What is needed | Output nothing except the lines from the one containing "Kitten-heeled thong sandal" through the final line of the data, both included, typed exactly, minus the pictures.

Data section |

============================================================

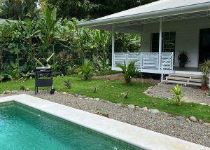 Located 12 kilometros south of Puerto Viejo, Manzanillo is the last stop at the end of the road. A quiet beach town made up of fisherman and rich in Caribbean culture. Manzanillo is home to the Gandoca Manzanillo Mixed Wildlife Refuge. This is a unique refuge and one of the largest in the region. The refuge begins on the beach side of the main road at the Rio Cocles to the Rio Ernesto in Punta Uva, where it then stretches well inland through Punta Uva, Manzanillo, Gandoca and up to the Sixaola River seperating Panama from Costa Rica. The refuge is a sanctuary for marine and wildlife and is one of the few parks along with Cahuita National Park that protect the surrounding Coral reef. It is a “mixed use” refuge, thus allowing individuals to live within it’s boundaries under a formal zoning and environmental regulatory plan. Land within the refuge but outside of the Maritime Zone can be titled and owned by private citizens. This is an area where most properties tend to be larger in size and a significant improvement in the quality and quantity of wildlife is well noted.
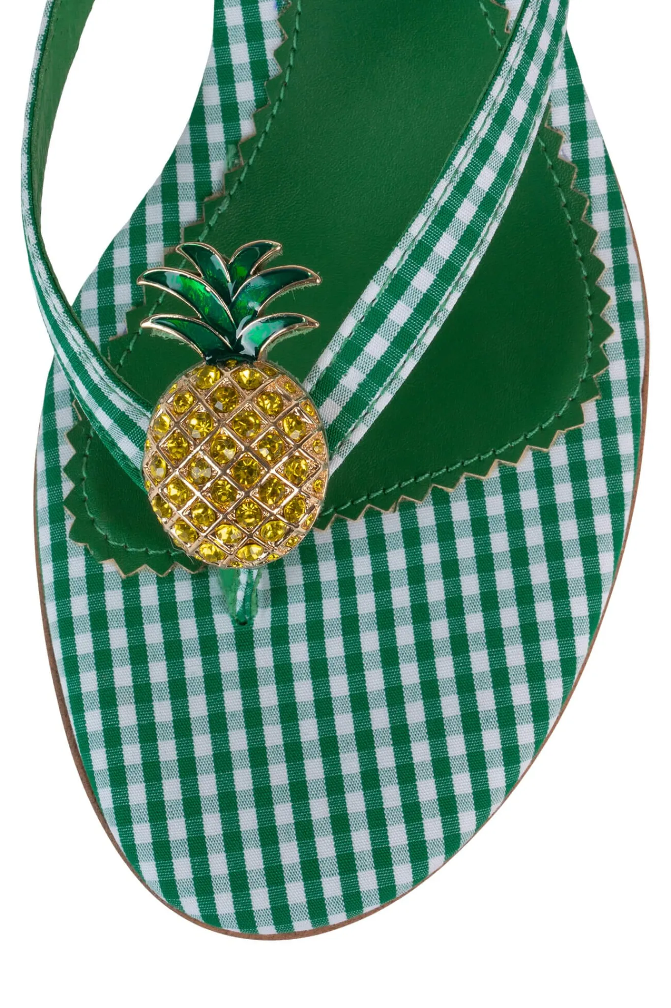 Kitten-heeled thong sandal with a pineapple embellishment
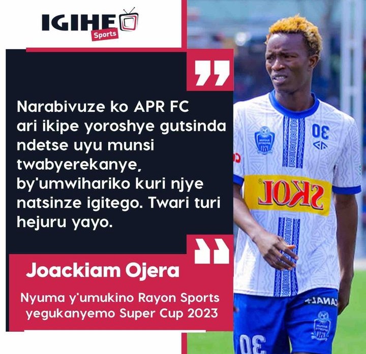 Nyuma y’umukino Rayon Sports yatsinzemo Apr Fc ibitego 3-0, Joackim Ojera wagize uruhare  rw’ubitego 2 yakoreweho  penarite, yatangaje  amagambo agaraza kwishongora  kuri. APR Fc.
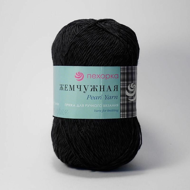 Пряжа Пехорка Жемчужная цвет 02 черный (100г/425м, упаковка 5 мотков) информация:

============================================================

Solution for this problem |
 Kitten-heeled thong sandal with a pineapple embellishment
 Nyuma y’umukino Rayon Sports yatsinzemo Apr Fc ibitego 3-0, Joackim Ojera wagize uruhare  rw’ubitego 2 yakoreweho  penarite, yatangaje  amagambo agaraza kwishongora  kuri. APR Fc.
 Пряжа Пехорка Жемчужная цвет 02 черный (100г/425м, упаковка 5 мотков) информация:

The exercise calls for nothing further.